### Data extract
····················

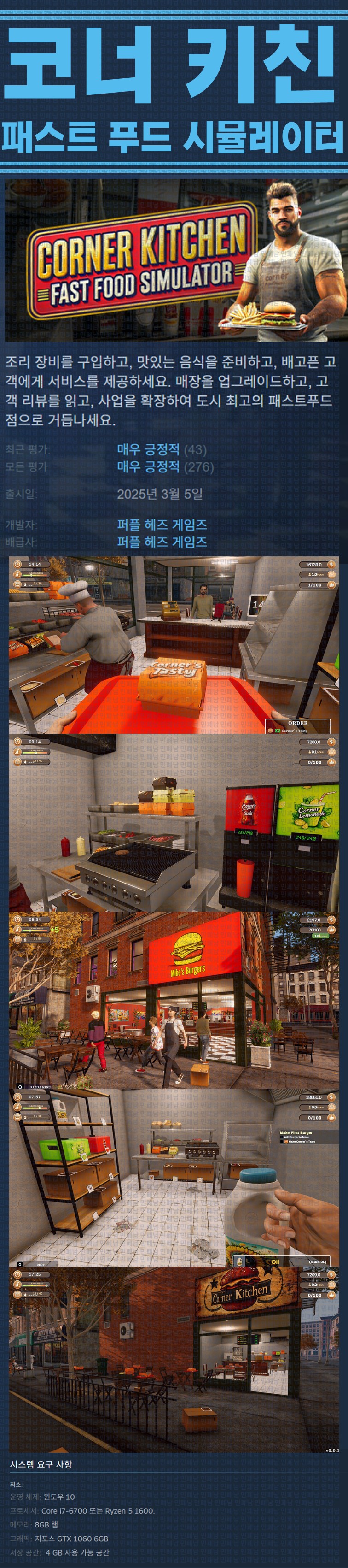 [한글무설치] 코너 키친 패스트 푸드 시뮬레이터 v1.2
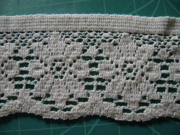Prender juntos los encajes de la falda, derecho con derecho. Coser y el encaje de la oleada a la falda. (Foto 5)
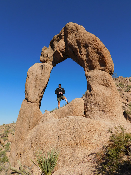 Our next goal was a natural arch that Ted had gotten a tip on (from someone in France!).  We took a rough road as far as my Jeep could manage, then proceeded on foot  the steep terrain was a challenge but we made it!  Here's Ted striking a gallant pose in the arch:

····················

### Exercise aim
Your copy of the data should match it exactly, apart from the images, which are omitted.

### Reply to the exercise
 [한글무설치] 코너 키친 패스트 푸드 시뮬레이터 v1.2
Prender juntos los encajes de la falda, derecho con derecho. Coser y el encaje de la oleada a la falda. (Foto 5)
 Our next goal was a natural arch that Ted had gotten a tip on (from someone in France!).  We took a rough road as far as my Jeep could manage, then proceeded on foot  the steep terrain was a challenge but we made it!  Here's Ted striking a gallant pose in the arch:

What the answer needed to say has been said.